In what can be seen are the most aggressive move of the protesters against the Thirty Meter Telescope (TMT) in the last seven years, was yesterday’s blockade along the way that led to the construction site.

Thursday saw the Office of Hawaiian Affairs trustees take a strong stand on the question of the TMT by withdrawing support, which it earlier promised. The TMT, construction of which commenced in March, now stands deferred, much to the opposition from the Hawaiian people.

The TMT has been planned as the world’s largest optical telescope, requiring an investment of $1.4 billion. If completed, it would spawn 18 stories and would, in fact, be the tallest building on Mauna Kea, the site proposed for the project. It will enable astronomers to study objects throughout the Milky Way and its neighboring galaxies.

The native Hawaiians, who are among the members of the opposition, have deep sentiments attached with the mountain. They have addressed their reservations in a letter to Governor Lingle, the Governor of Hawaii.
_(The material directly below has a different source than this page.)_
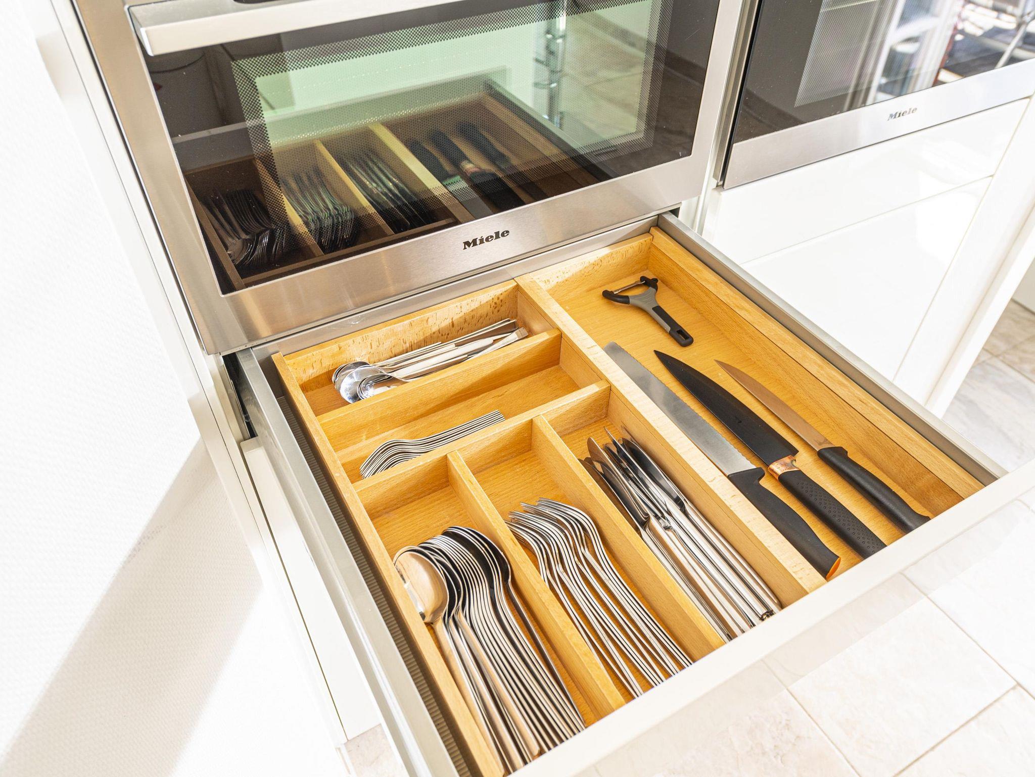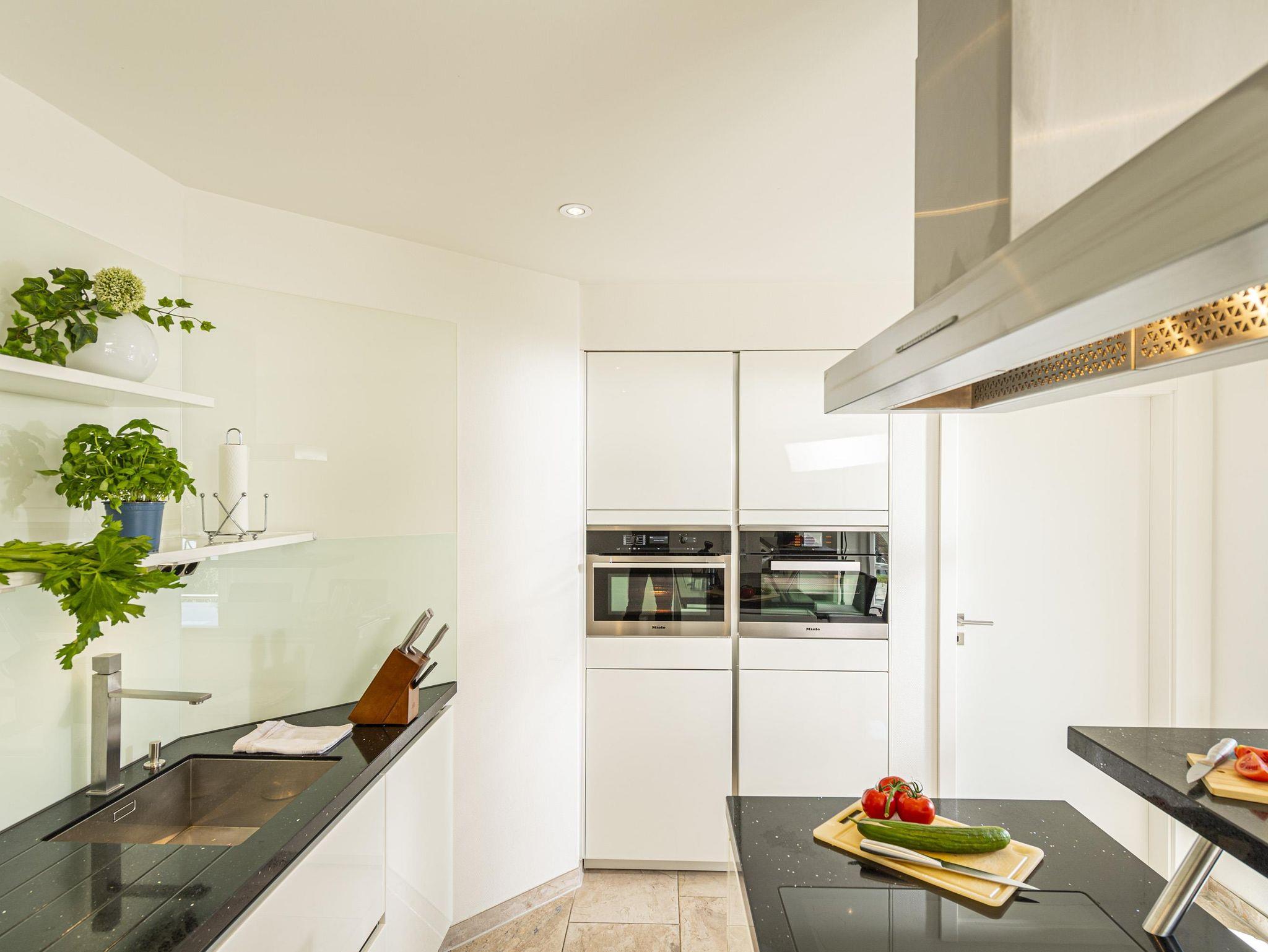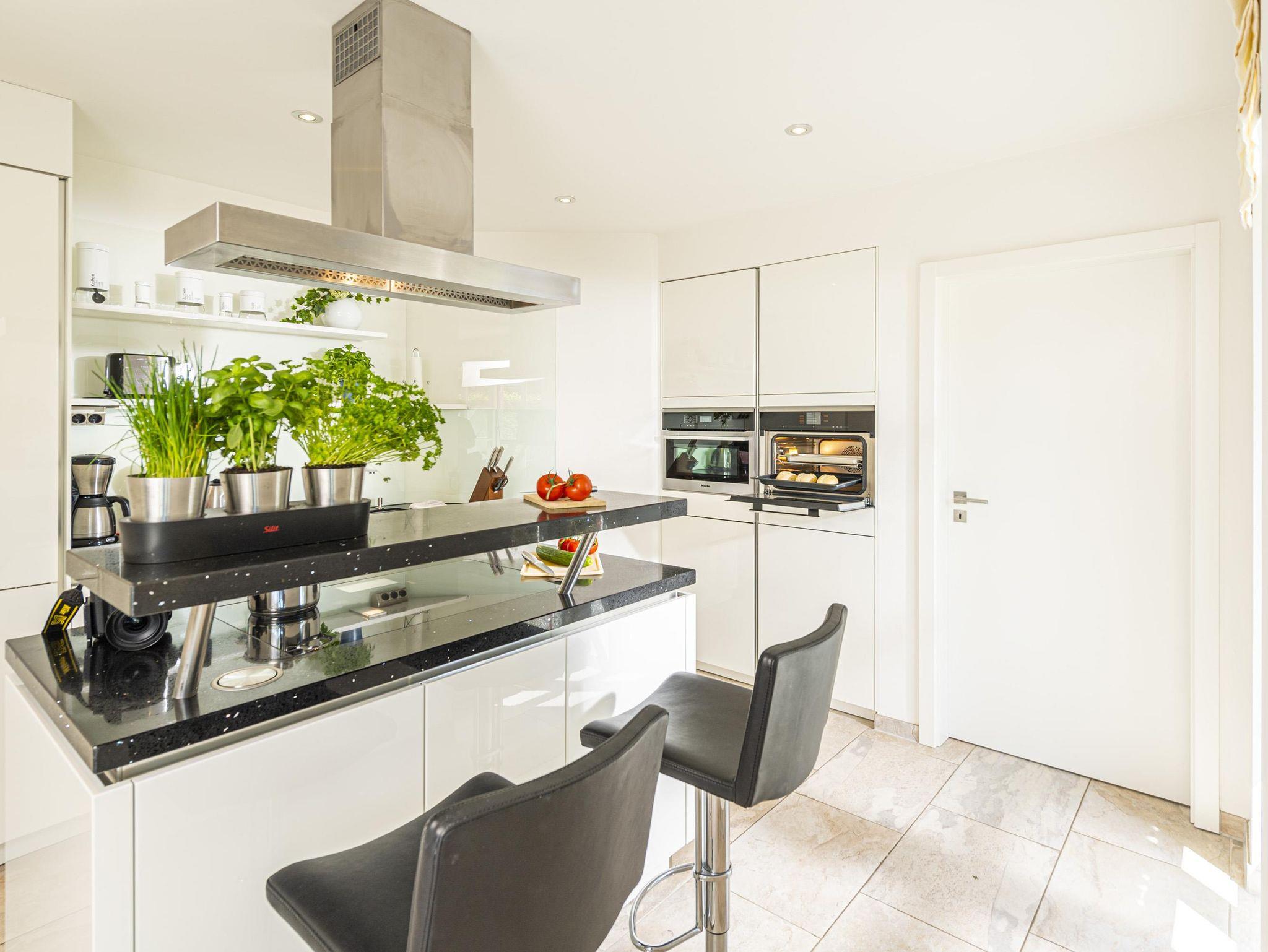 Im Erdgeschoss sind der Eingangsbereich, der Wohnraum mit offener Küche, der Essbereich, ein Kamin und der Zugang zur Terrasse. Zudem finden Sie dort ein Schlafzimmer mit Doppelbett (180 x 200 cm) und angegliedertem Duschbad / WC, ein separates Gäste-WC, ein Hauswirtschaftsraum und ein Abstellraum.

They are not only opposing the building of the telescope due to its harmful impact on their culture and history, but are also contesting against the flawed process by which the construction contract was secured in the first place.

One of the points of concern of the natives was that at the time the construction permit was obtained, the project bearers did not establish the safety of the telescope with result to its impact on the natural resources and public health in the region. They also drew attention to the fact that the authorities did not confirm that the project would not draw benefits out of their sacred land.

From the ongoing mess, one thing is clear that both sides are very passionate about what they believe in and therefore, what is required is that all the Mauna Kea stakeholders come together and discuss a mutually agreeable plan for its future.